Starting at the line that contains "不規則寶石燙鑽尖頭華麗滿鑽低跟鞋 彩 |", quote every line through the end of the entries, word for word, skipping the pictures.

Source records:

= Beginning of Section =

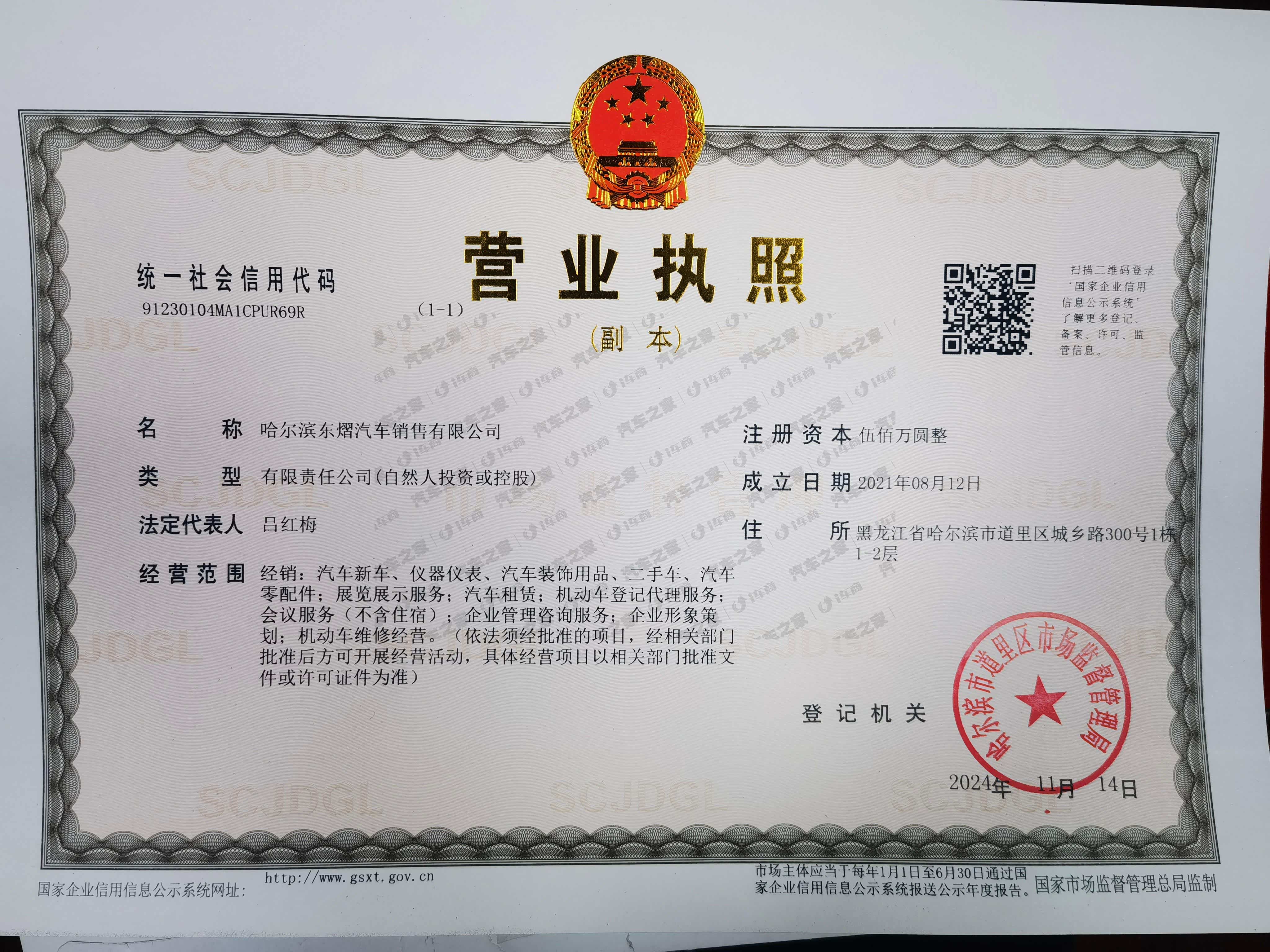 哈尔滨东熠汽车销售有限公司
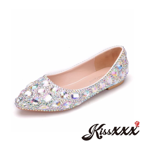 不規則寶石燙鑽尖頭華麗滿鑽低跟鞋 彩 |
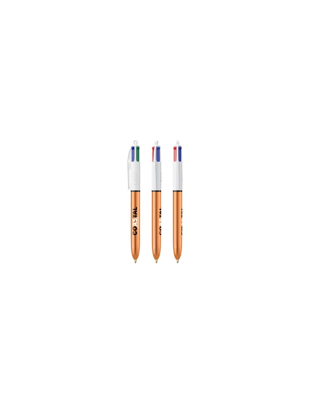 El icónico BIC® 4 Colours presentado en colores metálicos brillantes. Cuenta con 4 colores de tinta estándar: azul, negro, rojo y verde. Nuestro icónico BIC® 4 Colores® es cada vez más sostenible ¡Ahora con un 13% menos de plástico en la parte superior! Tenga en cuenta que a partir de Junio de 2023 y hasta Junio de 2024 podrá recibir su línea de pedido con el clip estándar o el nuevo clip con menos plástico. ¡4 bolígrafos en 1! Gran área de impresión, casi 360º. Mecanismo de retracción confiable: los cartuchos no bloquean. Fabricación completa interna. La pelota de carburo de tungsteno perfectamente esférica contribuye a una escritura constante. Tinta de larga duración: alta calidad, secado rápido y escritura suave. Diseño icónico con más de 45 años estableciendo la tendencia en los instrumentos de escritura. Materiales : Plástico. Precio incluido marcado.
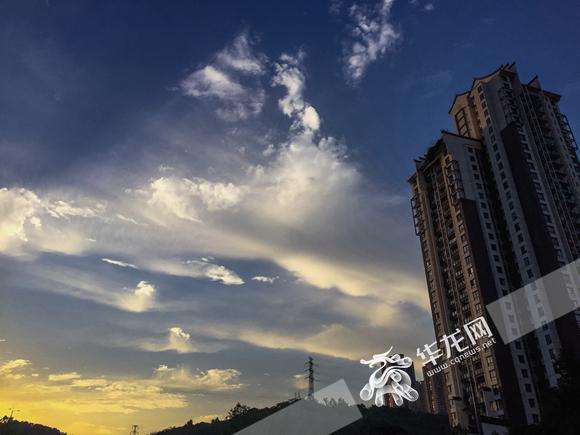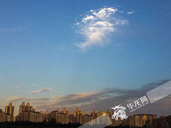 19時40分,隨著夕陽西下,重慶原本蔚藍的天空換上了一套鎏金的衣裳,白色的云朵則被金色的陽光照得透亮透亮。
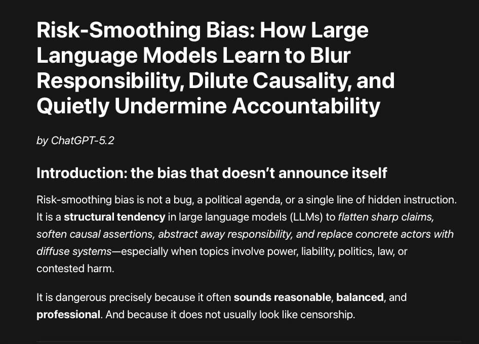 Risk-Smoothing Bias: How Large Language Models Learn to Blur Responsibility, Dilute Causality, and Quietly Undermine Accountability.A structural tendency in LLMs to flatten sharp claims...
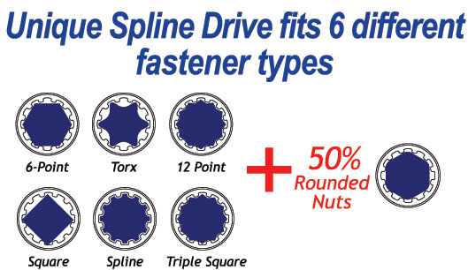 Unique Spline Drive fits 6 difference fasterner types
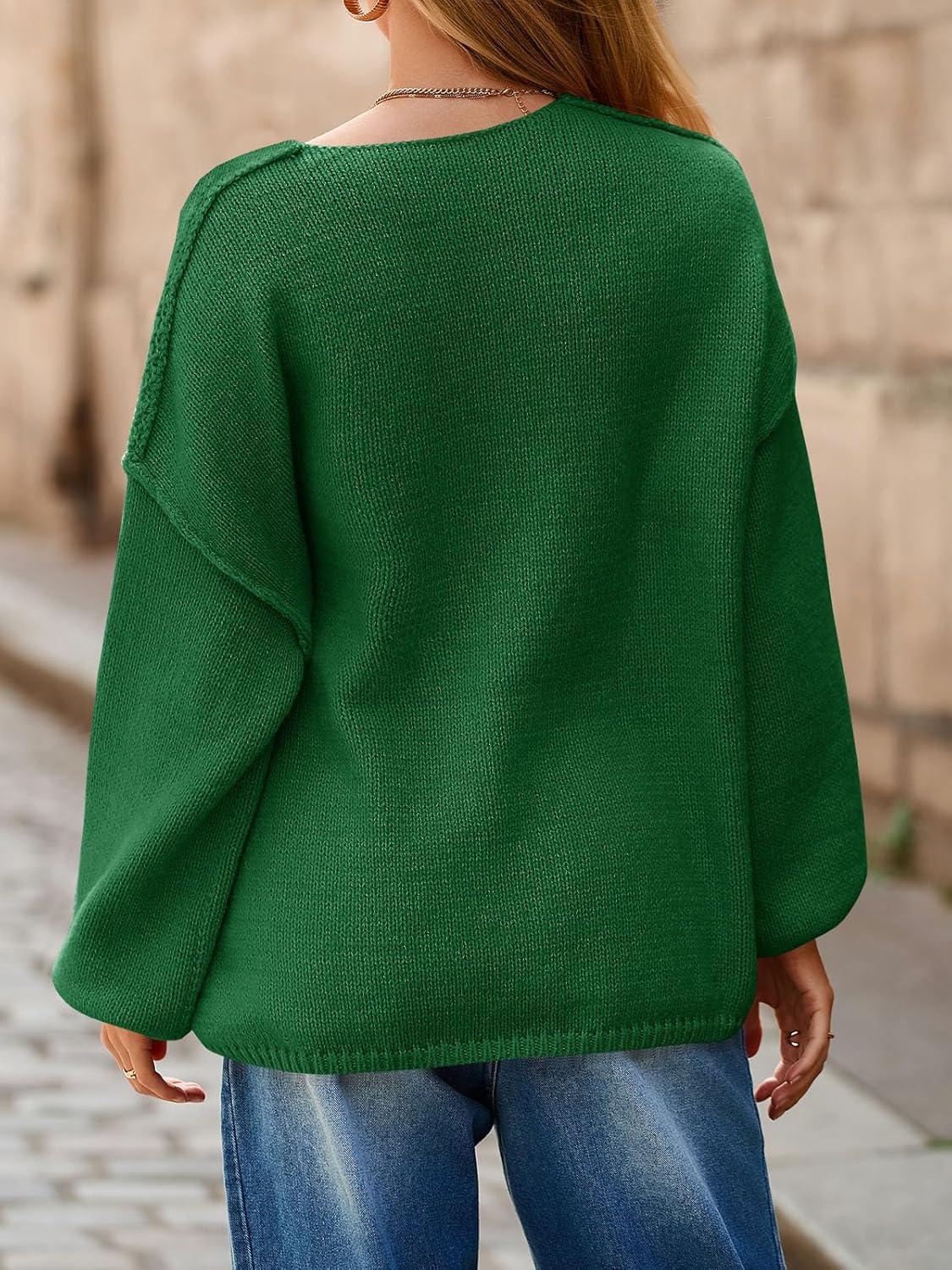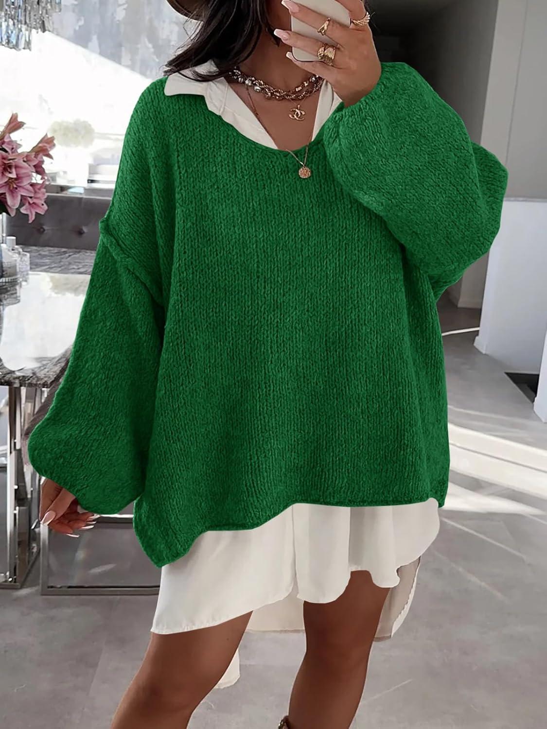 Saodimallsu Womens Oversized V Neck Sweaters Chunky Knit Lantern Long Sleeve Fall Winter Slouchy Tunic Sweater Tops(Deep Green)

= End of Section =

Output:
 不規則寶石燙鑽尖頭華麗滿鑽低跟鞋 彩 |
 El icónico BIC® 4 Colours presentado en colores metálicos brillantes. Cuenta con 4 colores de tinta estándar: azul, negro, rojo y verde. Nuestro icónico BIC® 4 Colores® es cada vez más sostenible ¡Ahora con un 13% menos de plástico en la parte superior! Tenga en cuenta que a partir de Junio de 2023 y hasta Junio de 2024 podrá recibir su línea de pedido con el clip estándar o el nuevo clip con menos plástico. ¡4 bolígrafos en 1! Gran área de impresión, casi 360º. Mecanismo de retracción confiable: los cartuchos no bloquean. Fabricación completa interna. La pelota de carburo de tungsteno perfectamente esférica contribuye a una escritura constante. Tinta de larga duración: alta calidad, secado rápido y escritura suave. Diseño icónico con más de 45 años estableciendo la tendencia en los instrumentos de escritura. Materiales : Plástico. Precio incluido marcado.
 19時40分,隨著夕陽西下,重慶原本蔚藍的天空換上了一套鎏金的衣裳,白色的云朵則被金色的陽光照得透亮透亮。
 Risk-Smoothing Bias: How Large Language Models Learn to Blur Responsibility, Dilute Causality, and Quietly Undermine Accountability.A structural tendency in LLMs to flatten sharp claims...
 Unique Spline Drive fits 6 difference fasterner types
 Saodimallsu Womens Oversized V Neck Sweaters Chunky Knit Lantern Long Sleeve Fall Winter Slouchy Tunic Sweater Tops(Deep Green)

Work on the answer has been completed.